Kaestner hopes CoSN will be able to research this issue in the future, but for now it's not a
priority, mostly because the takeback programs are so new. "By new, I mean months old," he
says. "They haven't been around a long time. One announces it, and then all the others jump onto
the bandwagon in a hurry."

bytesize

"The Electronic Wasteland," 60 Minutes' story on what happens to many discarded electronic
goods, can be viewed here. Calling All E-Stewards

Chad Stevens participates in CoSN's Green Computing Initiative.

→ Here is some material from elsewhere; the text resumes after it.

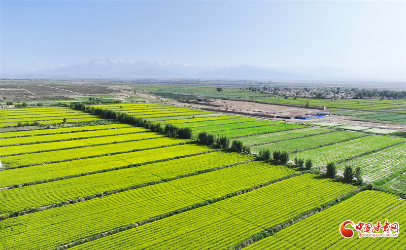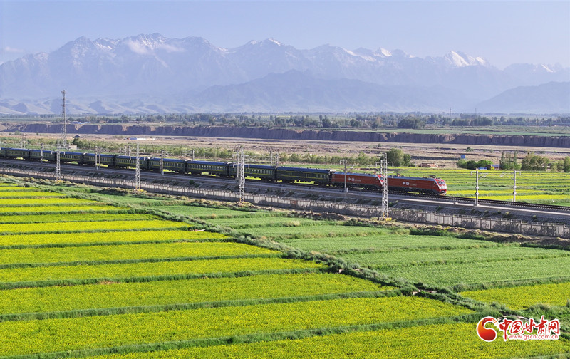近日,祁連山下的民樂縣三堡鎮(zhèn)徐寨村的油菜花競相綻放,與通村公路、鄉(xiāng)村民居和行駛的火車交相輝映,構(gòu)成一幅美麗的鄉(xiāng)村田園美景。

About the same time that he
moved from being a school principal into the CTO role for Texas' Clear Creek Independent
School District, located between Houston and Galveston in Johnson Space Center country, a
new energy manager joined the district. "We were talking about some simple ways we could
save energy without spending money," he recalls. "A combination of two interests--
sustainability and saving energy-- led me to volunteer, just to learn more about it." That
participation in the CoSN project, in turn, provided him with a crash course in green initiatives.

Stevens and his IT team have begun automating the power settings of monitors and computers,
virtualizing the data center, and piloting a possible thin-client computer transition. One issue
they face is how to maintain a strong obsolescence policy-- no computer is older than five years--
with a student enrollment that's growing at 1,000 kids a year. "We're refreshing our computers,
but we're running on a treadmill," Stevens says. "How long can we sustain our investment?"

Whether the district ultimately replaces existing machines with comparable models, albeit newer
ones, or thin clients, a lot of equipment will need to be disposed of in their wake. In 2008, the
district replaced 2,500 computers between January and April. The hardware was hauled away by
Epic Systems, a company that offers recycling of computers at the expense of $10 to $15 apiece.
But that invites the question that goes to the heart of the issue: What does Epic do with the
hardware?

Shortly after the 60 Minutes story on e-waste aired, the Basel Action Network (BAN), an
international organization that focuses on writing policies and legislation dealing with e-waste
and that served as an adviser on the 60 Minutes piece, announced a formal program to certify
electronics recyclers and asset managers as "e-stewards." Accreditation requires proof that the
company isn't dumping e-waste into landfills or incinerators and isn't exporting e-waste to
developing countries.

It is these standards Epic says it adheres to by virtue of hiring out to ECS Refining, listed by
Basel as an e-steward. Because ECS Refining bears the BAN stamp of approval, Stevens can be
confident Epic plays by the rules. "I can look anybody in the eye and say our computers aren't
ending up in a landfill," he says.

According to CoSN's Kaestner, that's the way all old electronics should be handled. "The stuff
that can be recycled, if we want to be good, green world citizens, should go through an
organization that's been approved by BAN," he says. "That's the best we've got."